ACTIVITY: Your job with the data below: print everything from the line that holds "سازگاری با خودرو: سازگار" down to the line that holds "Interesting update: In", ends included, exactly, and nothing else.

INFORMATION:
------
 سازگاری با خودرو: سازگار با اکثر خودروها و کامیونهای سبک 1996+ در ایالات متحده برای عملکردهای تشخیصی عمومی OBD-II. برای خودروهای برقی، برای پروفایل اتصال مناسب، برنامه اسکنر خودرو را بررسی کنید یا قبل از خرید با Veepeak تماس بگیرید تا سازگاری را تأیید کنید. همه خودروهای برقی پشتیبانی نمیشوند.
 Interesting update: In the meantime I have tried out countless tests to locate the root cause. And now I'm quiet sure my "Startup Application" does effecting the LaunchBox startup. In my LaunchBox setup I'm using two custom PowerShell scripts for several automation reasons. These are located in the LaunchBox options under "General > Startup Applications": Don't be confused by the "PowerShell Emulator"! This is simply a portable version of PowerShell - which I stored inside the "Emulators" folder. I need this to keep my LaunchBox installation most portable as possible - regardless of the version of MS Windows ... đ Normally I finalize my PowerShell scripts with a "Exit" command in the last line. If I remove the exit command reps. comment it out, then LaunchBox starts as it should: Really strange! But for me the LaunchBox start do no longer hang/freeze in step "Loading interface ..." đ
------
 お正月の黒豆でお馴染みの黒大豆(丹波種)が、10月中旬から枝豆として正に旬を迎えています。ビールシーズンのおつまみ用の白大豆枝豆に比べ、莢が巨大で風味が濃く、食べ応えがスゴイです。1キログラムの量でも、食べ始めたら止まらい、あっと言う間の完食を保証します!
------
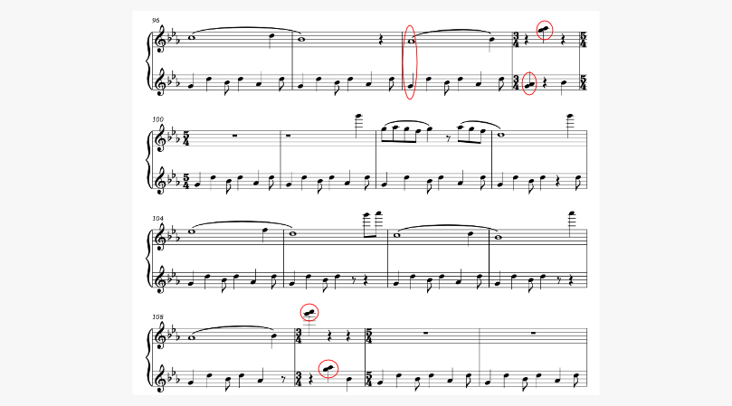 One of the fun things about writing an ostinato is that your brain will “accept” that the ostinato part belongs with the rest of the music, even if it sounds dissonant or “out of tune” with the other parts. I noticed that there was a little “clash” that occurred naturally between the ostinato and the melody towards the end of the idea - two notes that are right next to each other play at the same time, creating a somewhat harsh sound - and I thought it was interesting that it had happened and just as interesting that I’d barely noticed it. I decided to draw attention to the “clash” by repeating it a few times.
------
EXPECTED OUTPUT:
 سازگاری با خودرو: سازگار با اکثر خودروها و کامیونهای سبک 1996+ در ایالات متحده برای عملکردهای تشخیصی عمومی OBD-II. برای خودروهای برقی، برای پروفایل اتصال مناسب، برنامه اسکنر خودرو را بررسی کنید یا قبل از خرید با Veepeak تماس بگیرید تا سازگاری را تأیید کنید. همه خودروهای برقی پشتیبانی نمیشوند.
 Interesting update: In the meantime I have tried out countless tests to locate the root cause. And now I'm quiet sure my "Startup Application" does effecting the LaunchBox startup. In my LaunchBox setup I'm using two custom PowerShell scripts for several automation reasons. These are located in the LaunchBox options under "General > Startup Applications": Don't be confused by the "PowerShell Emulator"! This is simply a portable version of PowerShell - which I stored inside the "Emulators" folder. I need this to keep my LaunchBox installation most portable as possible - regardless of the version of MS Windows ... đ Normally I finalize my PowerShell scripts with a "Exit" command in the last line. If I remove the exit command reps. comment it out, then LaunchBox starts as it should: Really strange! But for me the LaunchBox start do no longer hang/freeze in step "Loading interface ..." đ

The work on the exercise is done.